Payet à gauche, Ayew sur le banc
Cette saison, Bielsa a replacé Dimitri Payet au centre du jeu, dans
l’axe. Résultat : il a fait une première partie de saison d’enfer, et
est accessoirement meilleur passeur du championnat. Il est le meneur de
jeu incontesté de l’équipe, et a parfois été celui qui a tenu l’équipe à
bout de bras (en décembre). Je pense personnellement qu’il est le
meilleur milieu de terrain de Ligue 1 cette saison.
Cette saison, Bielsa a fait reculer André Ayew de son positionnement
originel (attaquant), et l’a situé sur l’aile gauche. Ça n’a pas affecté
son rendement, bien qu’il soit légèrement en deçà des saisons passées.
Ce soir, Bielsa avait décidé de mettre Payet à gauche, et Ayew sur le
banc. Alors que ce dernier aurait ou jouer un match complet, avant de
s’envoler demain pour la CAN, où il rejoint la sélection ghanéenne.
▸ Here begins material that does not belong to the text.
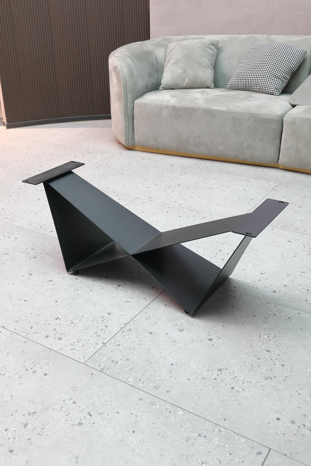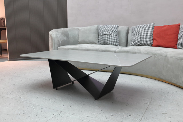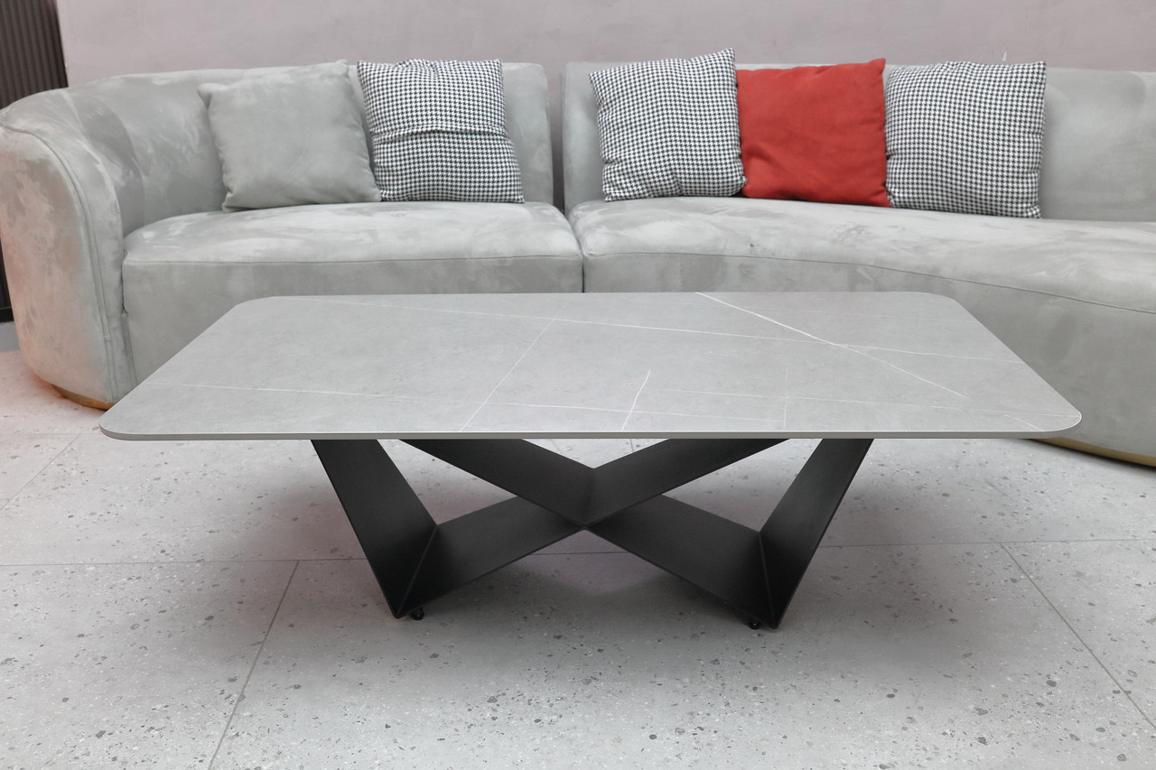 Wally Rectangular Coffee Table with Porcelain Light Grey Top and Black Metal Base

S’il
fallait économiser Ayew, alors il ne fallait pas le convoquer du tout.
Ce soir, Ayew est entré au pire moment : à la place de Gignac, grâce à
qui l’équipe surnageait. Et pour suppléer un joueur pourtant présent,
mais que personne n’a vu : Payet. Entré en cours d’un match qu’il
aurait, en toute cohérence dû débuter, il devait jouer pour deux tout en
maintenant son équipe à flot. Impossible, et surtout trop tard.
Bielsa lui-même a montré à quel point il s’emmêlait les pinceaux, quand à
plusieurs reprises il a par la suite modifié le positionnement des deux
joueurs. Personne ne comprenait rien. Pas même les joueurs, qu’il se
mettait à engueuler du bord du terrain, en espagnol et sans son
interprète. Ajoutant encore à la confusion.
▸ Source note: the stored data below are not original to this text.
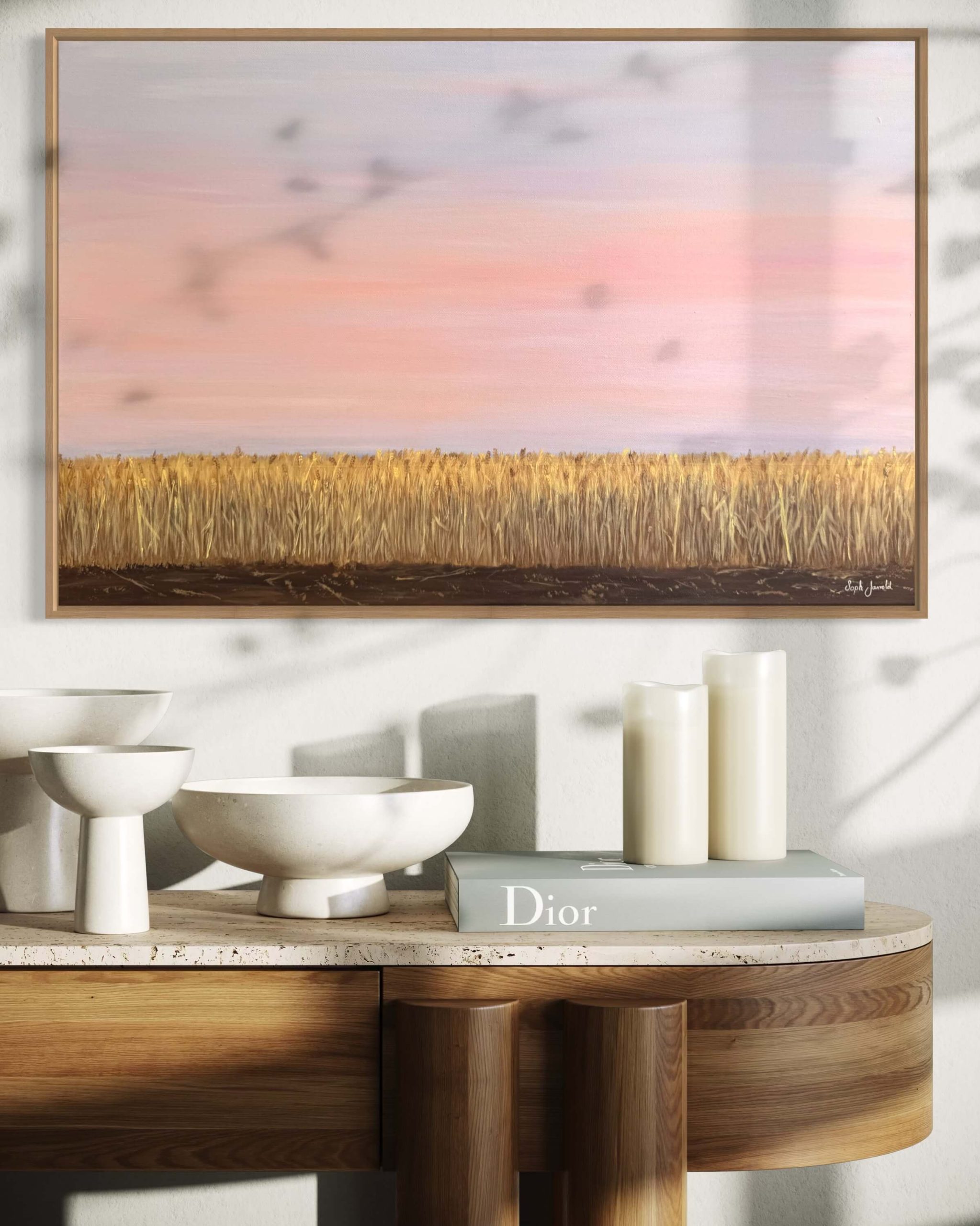 A serene landscape with a pastel sky meeting a golden wheat field, capturing the essence of tranquility.
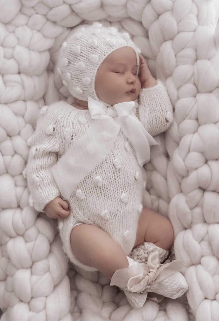 Knit Baby Alpaca Romper and Bonnet Set – Cream Photo Prop
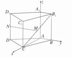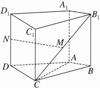 【变式训练】如图,在四棱柱$ABCD - A_{1}B_{1}C_{1}D_{1}$中,侧棱$A_{1}A\perp$底面$ABCD$,$AB\perp AC$,$AB = 1$,$AC = AA_{1}=2$,$AD = CD=\sqrt{5}$,且点$M$和$N$分别为$B_{1}C$和$D_{1}D$的中点。求证:$MN//$平面$ABCD$。
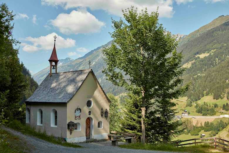 Von der Rotwegkapelle genießt man eine wunderschöne Aussicht ins Tal und auf den Ort Kappl.
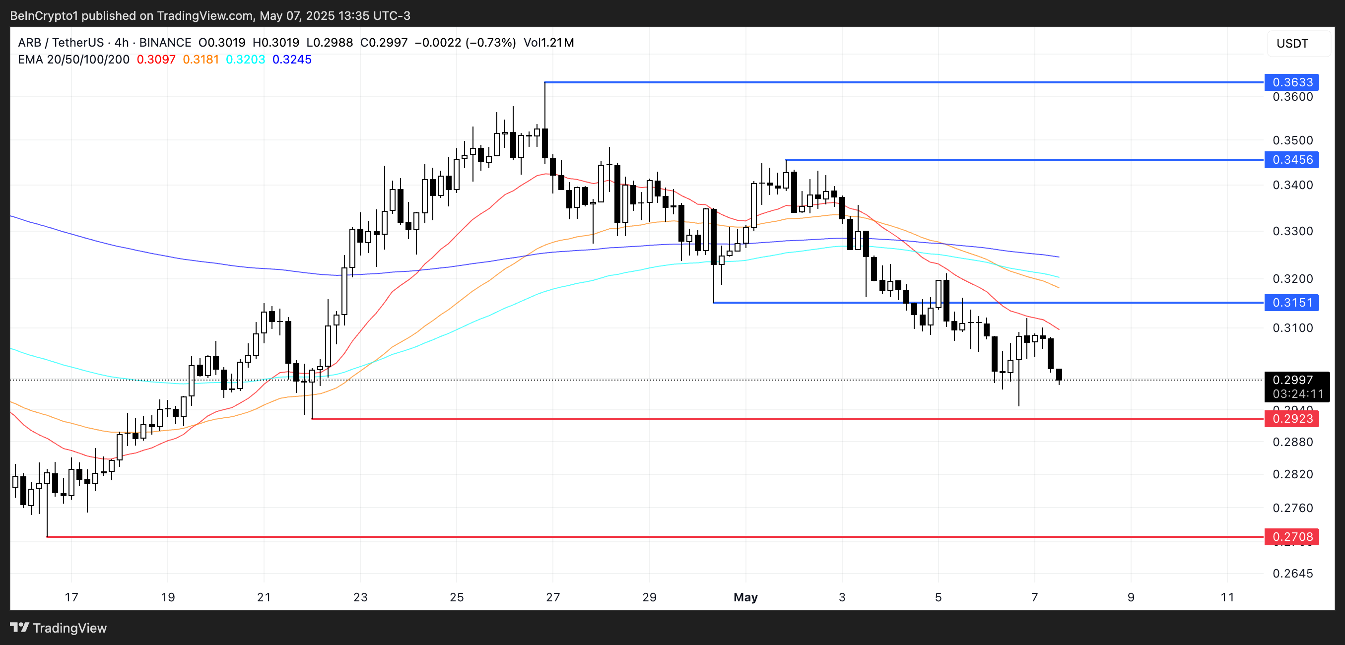 SponsoredMimo tych długoterminowych korzyści, ARB spadł o ponad 6% w ciągu ostatnich siedmiu dni. Jeśli korekta będzie kontynuowana, cena może spaść do poziomów na 0,292 USD. Jest to kluczowe wsparcie, a jeżeli ono nie przetrzyma, altcoin może potencjalnie spaść dalej do wartości na 0,27 USD.
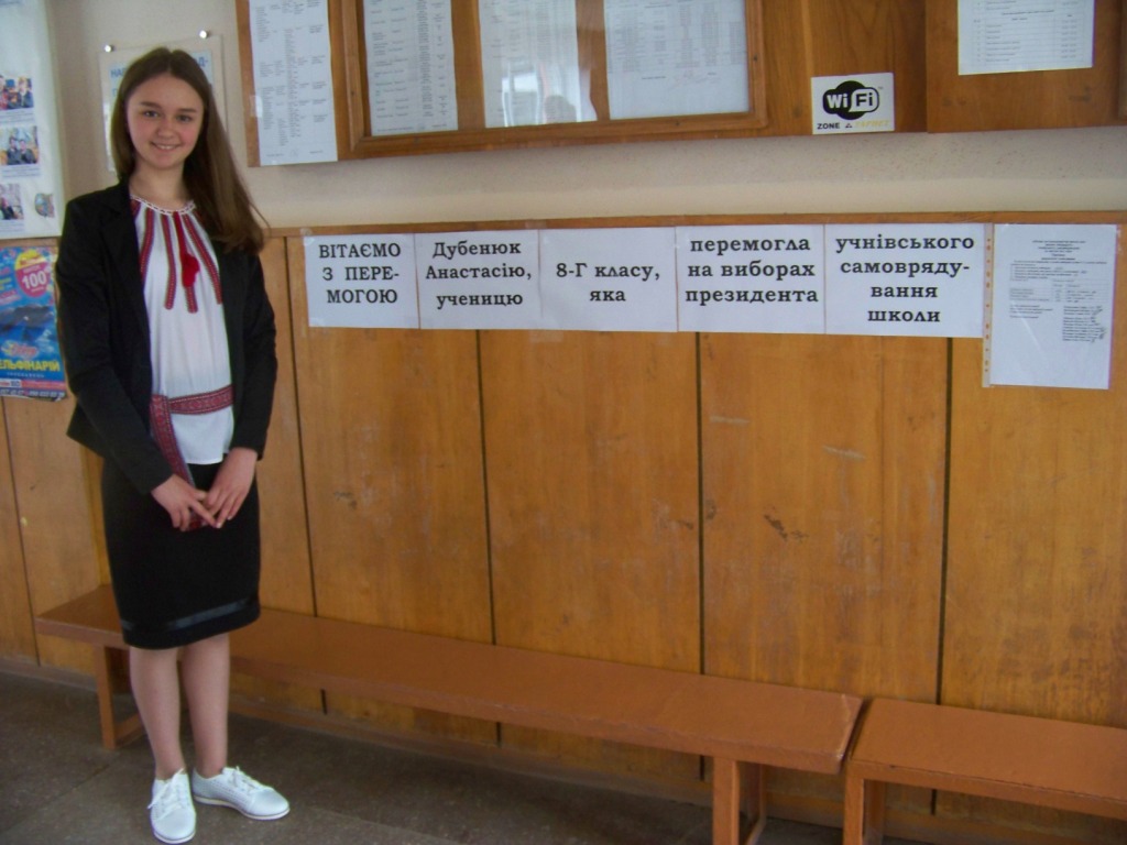 З кількістю 252 голоси перемогу здобула Дубенюк Анастасія, учениця 8-Г класу, яка випередила двох кандидатів-суперниць: Милимук Ірину, ученицю 9-В класу, Ємельянову Валерію, ученицю 8-В класу.

Thauvin aux tirs aux buts : fatal error
Lorsqu’il s’élança, les deux équipes étaient à égalité, dans la séance
fatidique. Lorsqu’on vit que c’était lui qui tirait, on se dit qu’encore
une fois Bielsa provoquait le destin. Pourquoi pas. Masi ce dimanche,
le destin était contre l’Argentin. Qui, dans un soir qui s’était déjà
annoncé contraire, aurait dû renoncer à faire tirer Thauvin. Certes, ce
dernier avait fait un bon match. Mais Thauvin avait, aussi, été formé
dans le club grenoblois. Et Thauvin est encore très jeune. Or, tous les
jeunes joueurs sont fébriles lorsqu’ils affrontent leur club d’origine.
Un soir, comme ce soir, un entraîneur d’expérience aurait dû nommer un
autre tireur. Résultat : Thauvin a tiré, mais le gardien de Grenoble,
héroïque ce soir, a arrêté. Ce pénalty est, des dix tirés durant la
séance, le seul qui fit loupé. Il a fait perdre Marseille. Mais Thauvin
n’est pas le principal responsable.
Bielsa après match : « Les reproches sont pour moi »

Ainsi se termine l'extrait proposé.